Since OWL2 does not allow the use of variables referring to relation types, OWL2 does not enable the specification of a unique constraint for all transitive relations used in an ontology. One solution then is, for each transitive relation type that is not a subclass relation and that needs to be checked, to copy and adapt the above subclass related definitions and positive constraint. The creation of such positive constraints can be automatized using the next SPARQL command. It takes as a parameter each instance of owl:TransitiveProperty specified in the ontology, i.e. each transitive relation type ?trRelType, e.g. sub:subclass and sub:part which is the inverse of the general partOf relation type. From each ?trRelType, via a sub:aloneOrInPartitionTrRelType relation the command accesses the supertype of recommended relation types to use when representing ?trRelType relations. For example, for sub:subclass relations, the previous section showed that this recommended supertype can be sub:subclassInExclusionSetOrAlone. If subtyping should rather be done only via subtype partitions, the recommended supertype would rather be sub:subclassInPartition (same definition as the previous type but without the last three lines). For sub:part relations, the recommended supertype can be sub:partInPartition.

INSERT 
{ [] rdf:type cstr:Descriptive_constraint;
     cstr:condition_class  #class for the source of a transitive relation
        [?TrRelTypeDomain  owl:equivalentClass 
            [rdf:type owl:Restriction;   #class source of a transitive relation
             owl:onProperty ?trRelType;  #e.g., a sub:part relation
             owl:someValuesFrom owl:Thing] ]; #any thing (type or individual)
     cstr:conclusion_class
        [?conclusion_class owl:equivalentClass  
            [rdf:type owl:Restriction;
             owl:onProperty ?aloneOrInPartitionTrRelType; #e.g., sub:partInPartition
             owl:someValuesFrom owl:Thing] ]
}
WHERE{ ?trRelType rdf:type owl:TransitiveProperty;
                  sub:aloneOrInPartitionTrRelType ?aloneOrInPartitionTrRelType;
                  rdfs:domain ?TrRelTypeDomain  #e.g., owl:Thing (see below)
     }

Thus, based on the next partial definitions of sub:subclass and sub:part, the above command generates i) a descriptive constraint for checking sub:part relations, and ii) a descriptive constraint for checking sub:subclass relations. This last generated constraint is different from the one given in the previous sub-section, for two main reasons.

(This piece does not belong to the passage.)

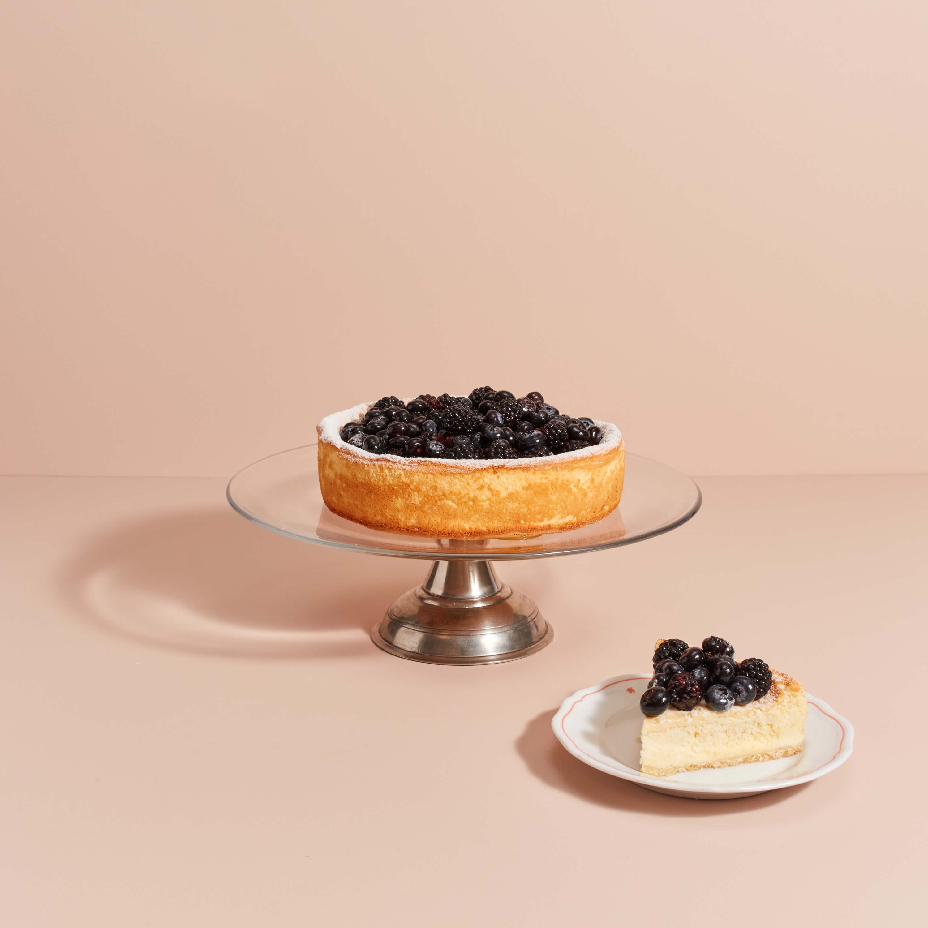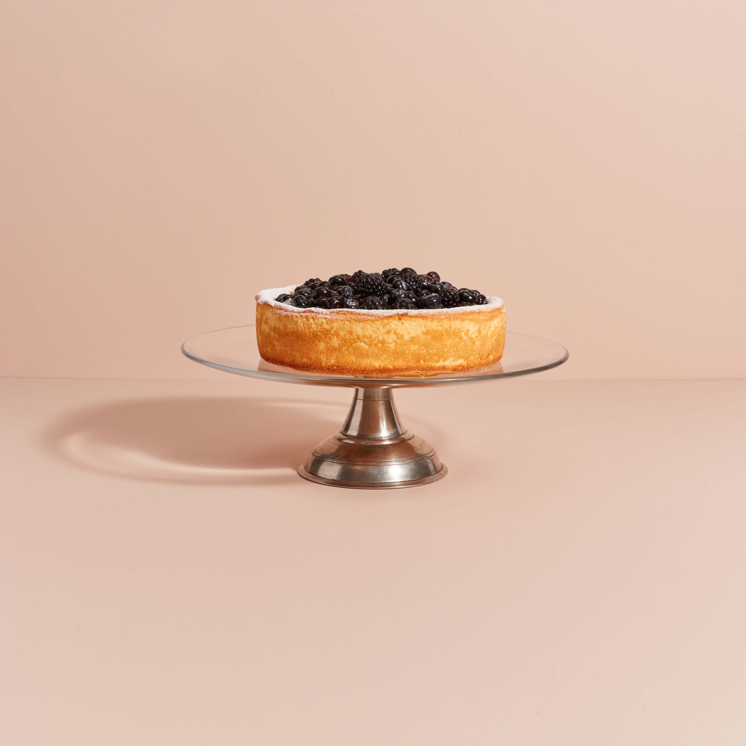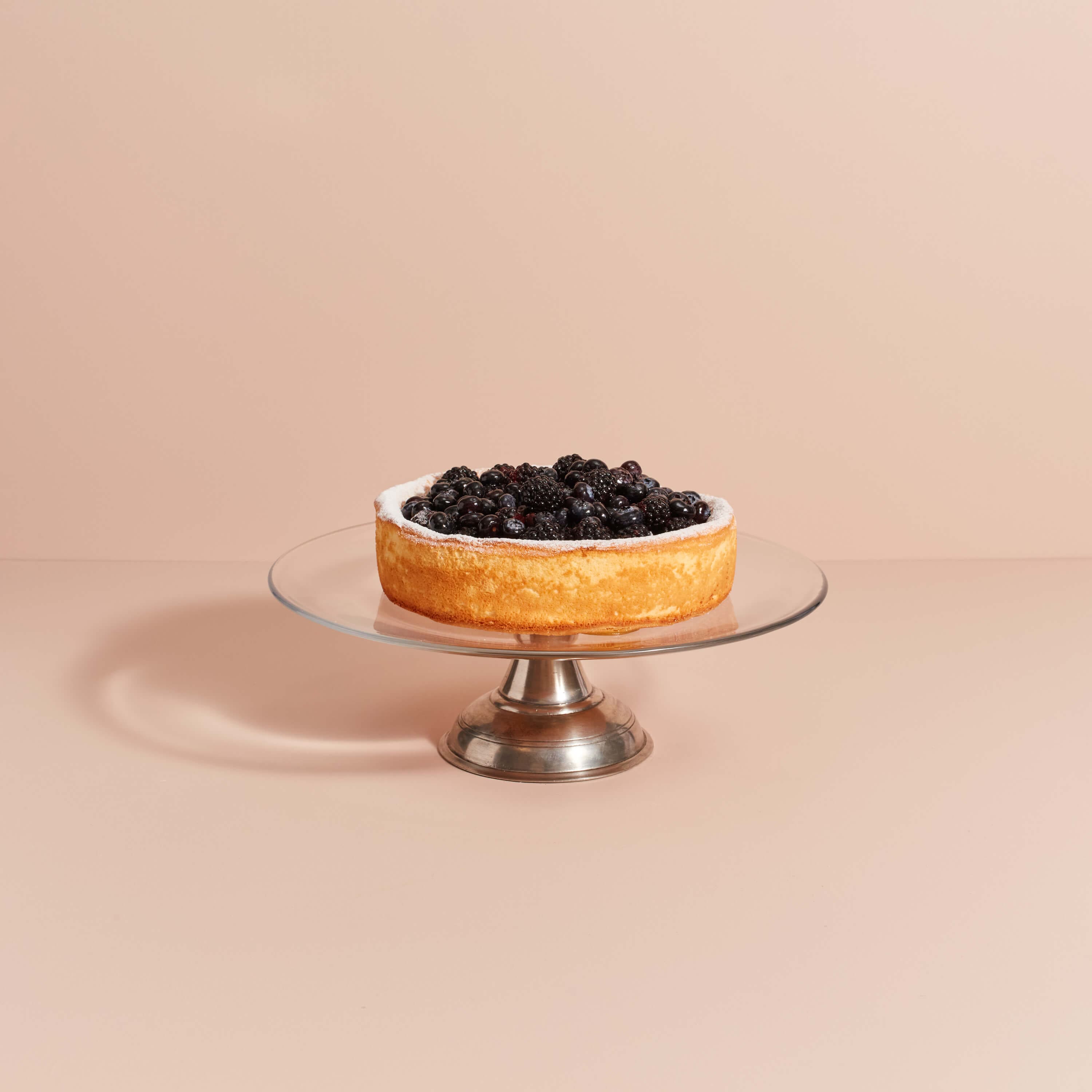 Made with fresh mascarpone and Ricotta cheese, baked on a sugar dough, and finished with blackberries and blueberries.

  • These generated constraints only support the checking of direct uses of recommended transitive relations, not the checking of alternative but equivalent ways to represent these recommended relations in OWL2. The reason is that OWL2 permits a full definition of sub:subclassInExclusionSetOrAlone (or, more exactly, a partial but sufficient definition of this type) but OWL2 does not permit a similar definition for sub:partInPartition nor for any other transitive type. However, if needed, sub:partInPartition relations and other transitive relations can be generated via SPARQL update requests similarly to the way relations of type sub:subclassInDisjointUnion can be generated, as seen in the previous sub-section.
  • Unlike all the other examples of constraints in this article, these generated constraints have to be checked using the log:implies based approach described in Section 3.1.5. Otherwise, these constraints are ambiguous, like the OWL2 compatible version in the previous if “some” was used instead of “all”. However, as noted, Description Logic inference engines generally do not deduce log:implies relations between statements (triples, ...) and hence cannot be reused with this solution.
sub:subclass rdf:type owl:TransitiveProperty;   rdfs:domain rdfs:Class;
             sub:aloneOrInPartitionTrRelType sub:subclassInExclusionSetOrAlone.
sub:part rdf:type owl:TransitiveProperty;   sub:trRelDomain owl:Thing;
         sub:aloneOrInPartitionTrRelType sub:partInPartition.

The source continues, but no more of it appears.